If you’re interested, please drop me a line to my email.
It sounds like what you’re asking for is not creative commons work specifically, but just permission from some artists to use their work for a commercial purpose.
You’ll probably have more luck if you find some artists who’s work you like and approach them directly. Ask around!
Know your foe
It´s really just courtesy to ask the author for commercial usage if he didn´t license with -NC
Unless it´s CC-NC you can ALWAYS use it commercially:
CC 3.0 basically always is -BY so you got to name the author though.
If its CC-BY-ND it might be a problem if you crop, scale or resize it. Not sure for this
-BY (by <name>)
-SA (share alike)
-ND (no derivatives)
The main problem is no one properly licenses his images and if it isn´t stated somewhere the artists copyright always takes effect. And beyond that, a minority knows what the license types mean (generally speaking, not aiming at OP)
@Rocketman I’ll take this advise and will contact personally.
@arexma thanks for the info!
“Asking permission” is always the right thing to do, and you should do so in a way that documents the fact that you did so, and exactly when and how. “Pay attention even to trifles” with regards to proper copyright-notice and attribution requirements. Then, if someone happens to order you to “cease and desist” (and you, of course, promptly do so…) your asterisk is covered. You can prove, should you ever need to, that: you did the right things, in all the right ways, that you were both knowledgeable and respectful of copyrights, and that the copyright holder in question is simply an asteriskhole.
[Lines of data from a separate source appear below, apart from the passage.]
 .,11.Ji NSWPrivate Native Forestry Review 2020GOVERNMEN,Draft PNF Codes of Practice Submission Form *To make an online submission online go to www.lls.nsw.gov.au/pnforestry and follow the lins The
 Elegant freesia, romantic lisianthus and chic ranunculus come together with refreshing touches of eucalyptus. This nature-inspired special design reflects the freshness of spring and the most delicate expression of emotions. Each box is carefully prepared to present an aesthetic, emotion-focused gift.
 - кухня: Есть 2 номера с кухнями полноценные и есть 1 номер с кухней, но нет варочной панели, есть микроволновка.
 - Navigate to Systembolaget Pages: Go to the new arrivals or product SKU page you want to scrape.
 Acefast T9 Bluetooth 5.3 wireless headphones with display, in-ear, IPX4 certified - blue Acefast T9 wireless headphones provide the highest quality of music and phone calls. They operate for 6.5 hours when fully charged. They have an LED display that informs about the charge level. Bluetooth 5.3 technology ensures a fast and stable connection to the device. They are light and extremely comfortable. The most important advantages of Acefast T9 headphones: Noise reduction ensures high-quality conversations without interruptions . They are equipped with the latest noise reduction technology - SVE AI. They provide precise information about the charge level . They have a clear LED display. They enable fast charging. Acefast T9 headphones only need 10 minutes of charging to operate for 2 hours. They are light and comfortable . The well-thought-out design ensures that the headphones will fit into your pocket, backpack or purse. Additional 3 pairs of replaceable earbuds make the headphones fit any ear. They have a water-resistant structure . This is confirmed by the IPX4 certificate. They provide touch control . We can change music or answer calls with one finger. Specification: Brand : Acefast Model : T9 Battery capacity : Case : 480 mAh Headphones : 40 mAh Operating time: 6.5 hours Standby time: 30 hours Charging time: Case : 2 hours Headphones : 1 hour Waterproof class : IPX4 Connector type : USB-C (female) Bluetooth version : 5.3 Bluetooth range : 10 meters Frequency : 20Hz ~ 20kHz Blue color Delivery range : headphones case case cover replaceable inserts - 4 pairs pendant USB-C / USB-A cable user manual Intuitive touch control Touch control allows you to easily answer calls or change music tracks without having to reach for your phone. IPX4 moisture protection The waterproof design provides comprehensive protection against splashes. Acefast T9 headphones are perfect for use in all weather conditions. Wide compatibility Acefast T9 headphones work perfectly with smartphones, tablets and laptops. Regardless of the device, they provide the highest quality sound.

I did that fifteen years ago with regard to a software product that I (still…) sell. The vendor’s wording about a particular software component library was not 100%-crystal, and I was, after all, planning to sell something, so I picked up the phone and called their legal department. After they picked themselves up off the floor, they quickly said, “sure, it’s okay.” I asked them to send me a letter on their letterhead to that effect, and they quickly did so. I filed the letter away. In the next release of the product, the legalese had been clarified. It really caught them by surprise that I had bothered to ask. But it was a good kind of surprise.